■ **WHAT THE TASK ASKS**
Only one stretch of the data below is needed: the line with "- 15 - Réservoir" through the last line. Output it exactly and drop the pictures.

[Collection entries]

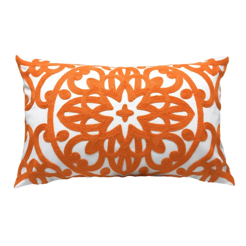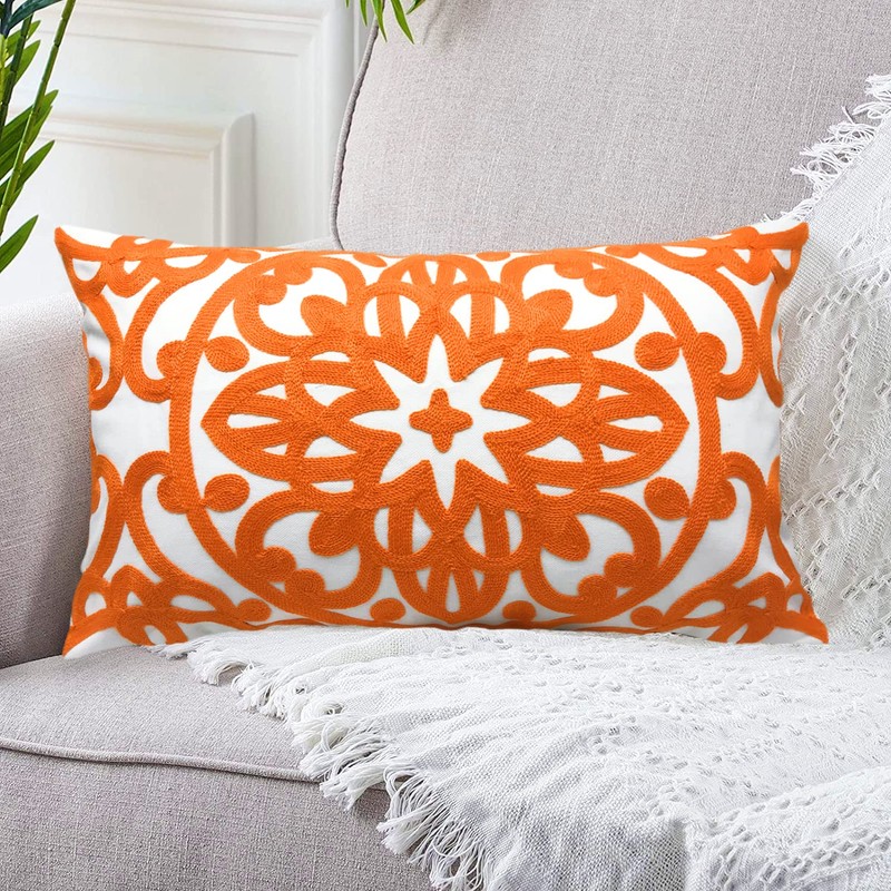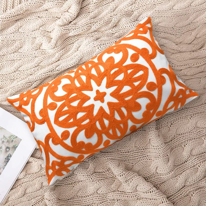 Alysheer Embroidered Lumbar Decorative Throw Pillow Cover 12"x 20", Classic Boho Mandala Embroidery Pattern Cotton Rectangular Cushion Case for Sofa Couch Living Room Bedroom (Bright Orange)
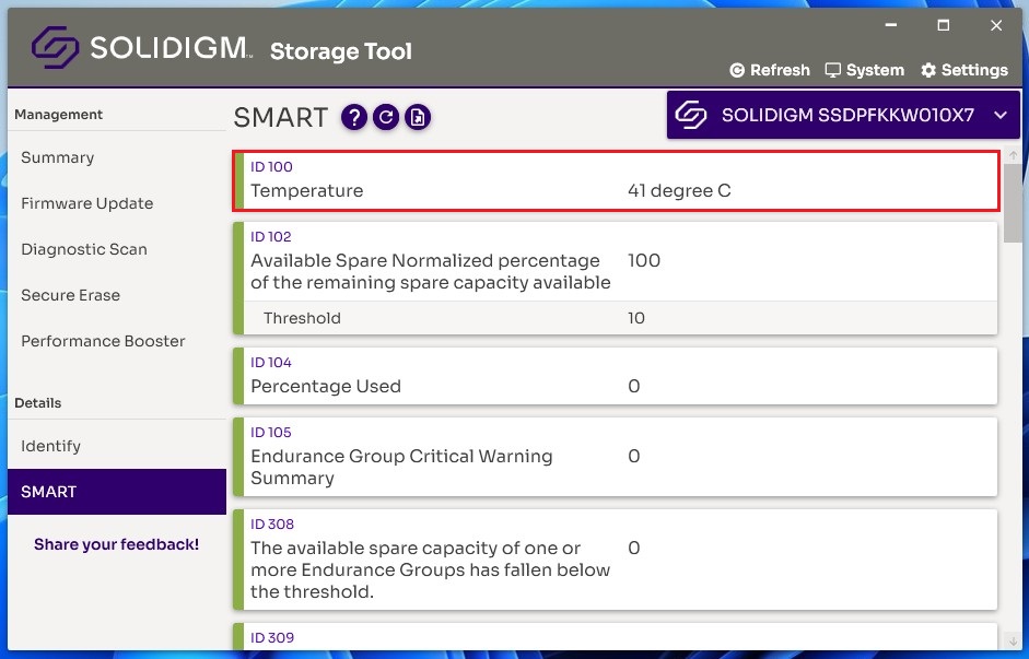 [ID100] 항목이 CrystalDiskInfo 온도와 일치합니다.
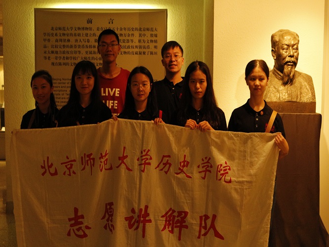 7月19日16时许,历史学院志愿讲解队队长刘铖同学于北京师范大学东门接待了来自广西师范大学校园校史宣讲社带队老师及社长徐小峰同学师生一行11人。随后,刘铖同学带领广西大学的同学们前往北京师范大学形象陈列馆进行参观。此次参观由北师大形象陈列馆资深志愿者陈博洋同学担任讲解。北师大百余年的悠久校史,通过精选的展品展板中的信息,在陈博洋同学详细的讲解下,在广西大学的同学们面前徐徐展开。
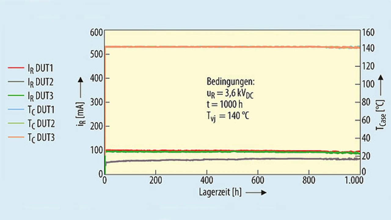 Die Sperrströme werden während der 1000-h-Lagerung bei Tvjmax aufgezeichnet und haben sich nicht verändert. Die Lagertemperatur wird auf 140 °C geregelt und auch erfasst. Die gute thermische Ankopplung der Randstruktur an den Mo-Träger verhindert zusätzlich ein thermisches Weglaufen des Sperrstromes trotz der hohen Temperatur.
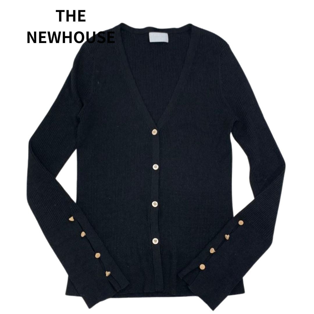 定価4.4万 THE NEWHOUSE AT HEART ザ ニューハウス SOPHIA CARDIGAN ソフィア オーガニックコットン リブニット Vネック カーディガン 黒 S
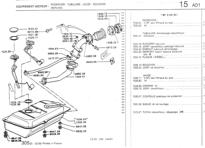 - 15 - Réservoir - Canalisation - Raccord - Filtre à carburant
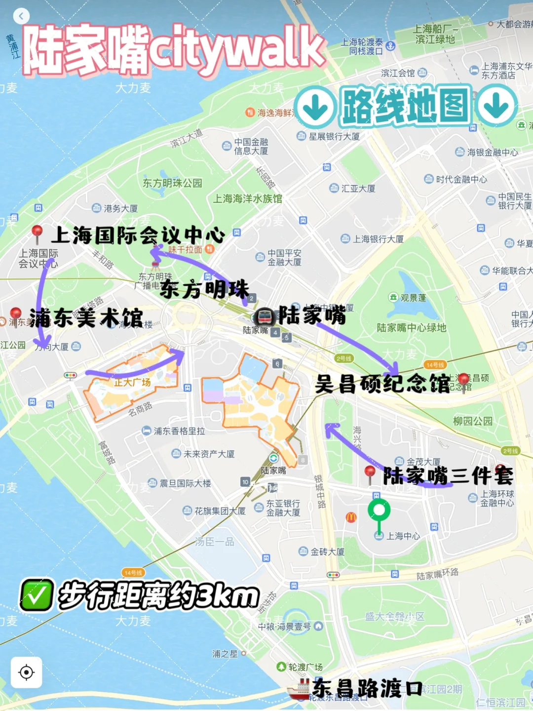 🗺️路线:环球金融中心-上海中心-金茂大厦-陆家嘴人行天桥-东方明珠-上海国际会议中心-浦东美术馆
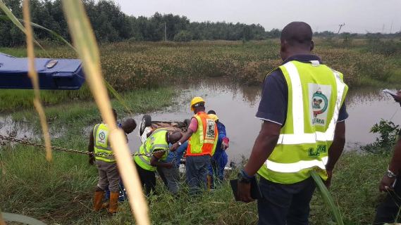 This white car crashed into a canal at Magidun in Ikorodu, Lagos state this morning. Men of the Lagos state Emergency Management Agency, LASEMA, pictured at the scene of the accident.
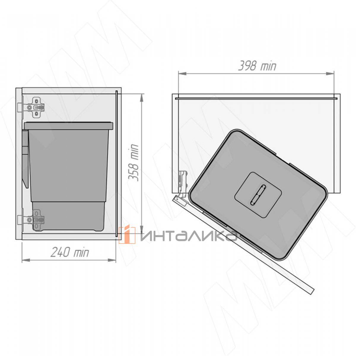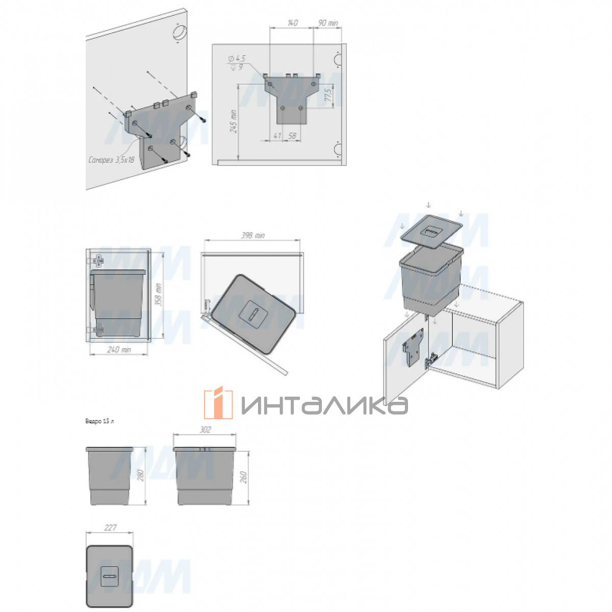 Комплектация: ведро с ручками, крышка, крепление к фасаду, крепёж
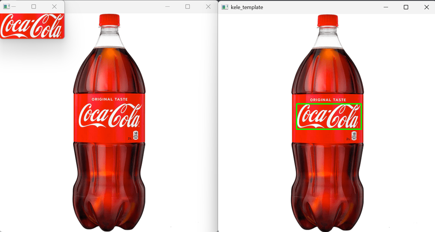 kele_template = cv2.rectangle(kele, top_left, bottom_right, (0, 255, 0), 2) # 绘制矩形
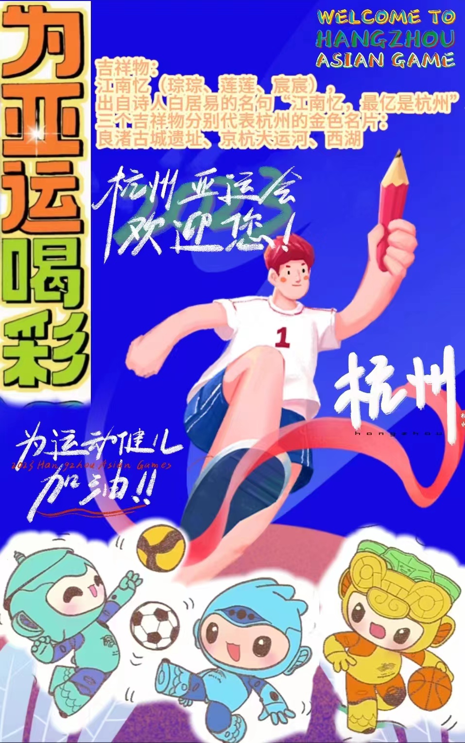 2023年9月23日,第十九届亚运会在杭州隆重举行,为了让同学们感受到体育文化的魅力,深入了解亚运精神,教育科学学院于9月26日举办了“汇聚热爱,奔赴亚运”电子海报主题活动,挖掘同学们对亚运会的热情和灵感,激发同学们对体育文化的认知和热爱。
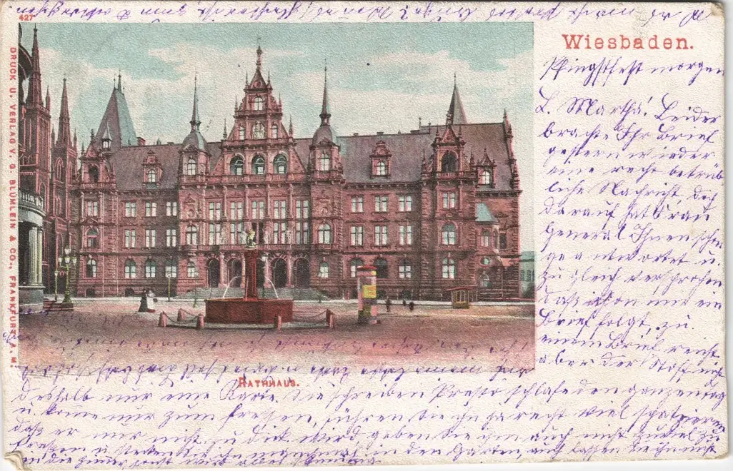 Ansichtskarte Wiesbaden Rathaus, Litfasssäule 1902
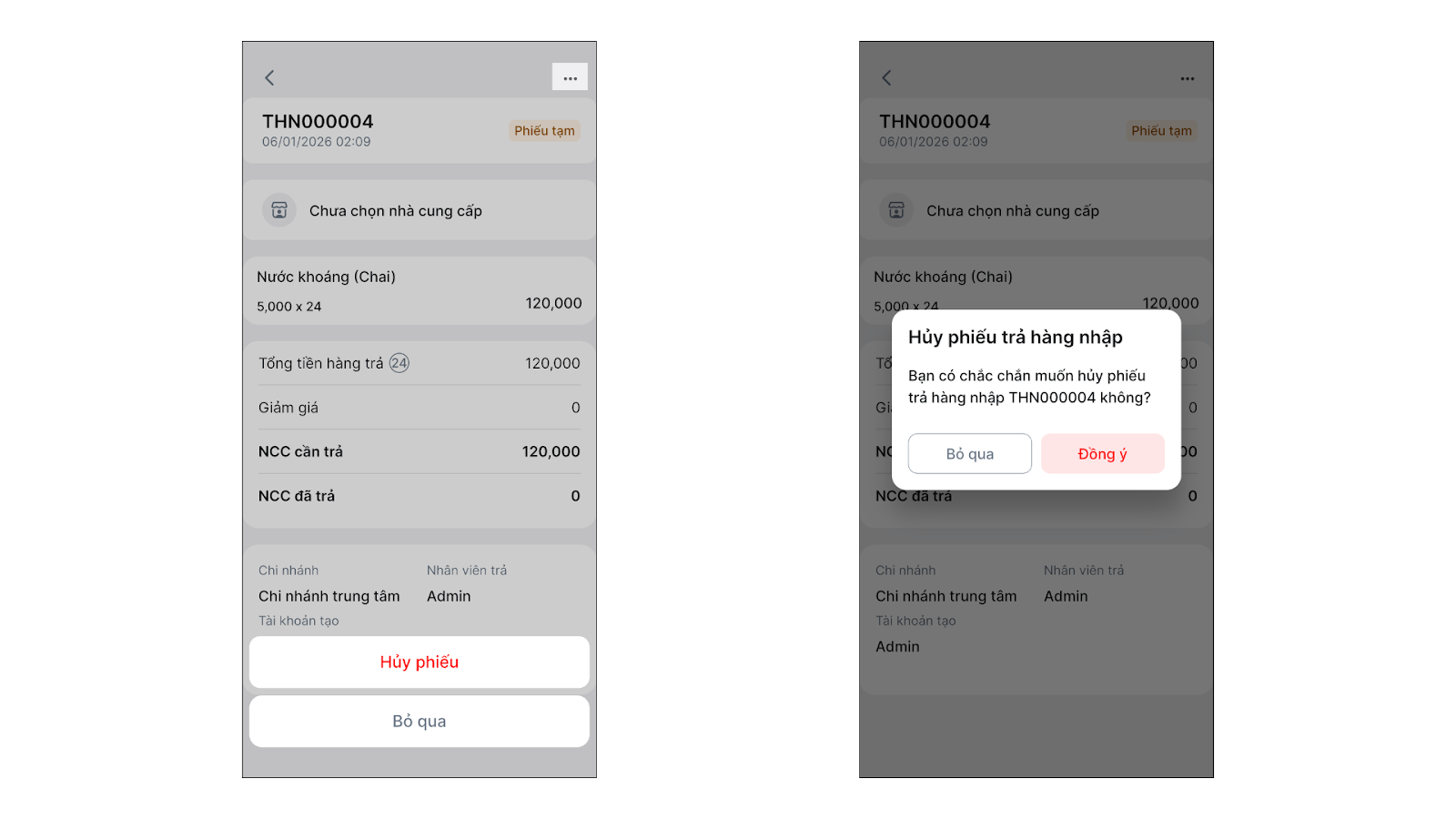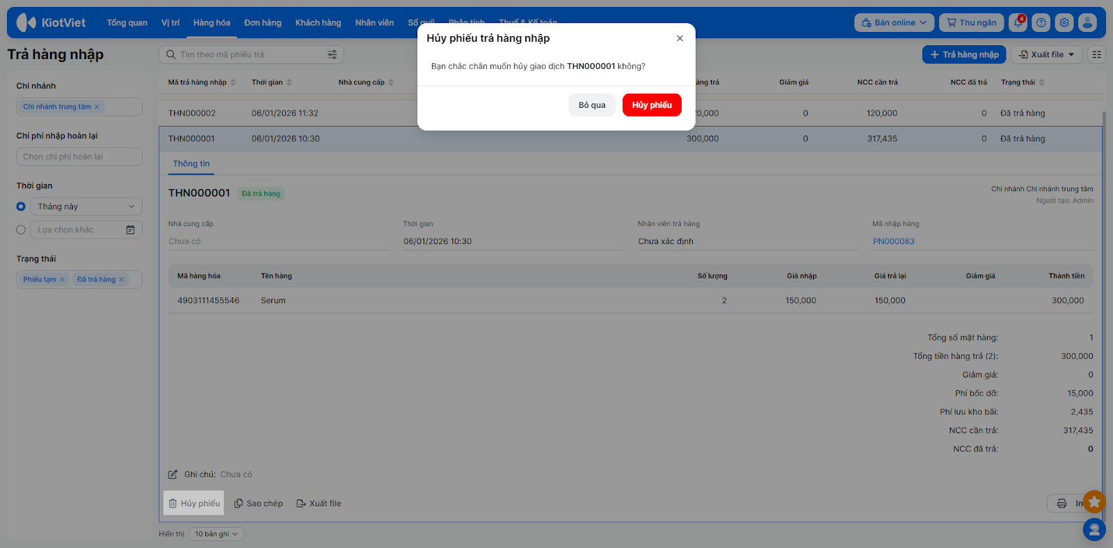 2. Hủy phiếu trả hàng nhập

■ **SOLUTION TO THIS PROBLEM**
 - 15 - Réservoir - Canalisation - Raccord - Filtre à carburant
 🗺️路线:环球金融中心-上海中心-金茂大厦-陆家嘴人行天桥-东方明珠-上海国际会议中心-浦东美术馆
 This white car crashed into a canal at Magidun in Ikorodu, Lagos state this morning. Men of the Lagos state Emergency Management Agency, LASEMA, pictured at the scene of the accident.
 Комплектация: ведро с ручками, крышка, крепление к фасаду, крепёж
 kele_template = cv2.rectangle(kele, top_left, bottom_right, (0, 255, 0), 2) # 绘制矩形
 2023年9月23日,第十九届亚运会在杭州隆重举行,为了让同学们感受到体育文化的魅力,深入了解亚运精神,教育科学学院于9月26日举办了“汇聚热爱,奔赴亚运”电子海报主题活动,挖掘同学们对亚运会的热情和灵感,激发同学们对体育文化的认知和热爱。
 Ansichtskarte Wiesbaden Rathaus, Litfasssäule 1902
 2. Hủy phiếu trả hàng nhập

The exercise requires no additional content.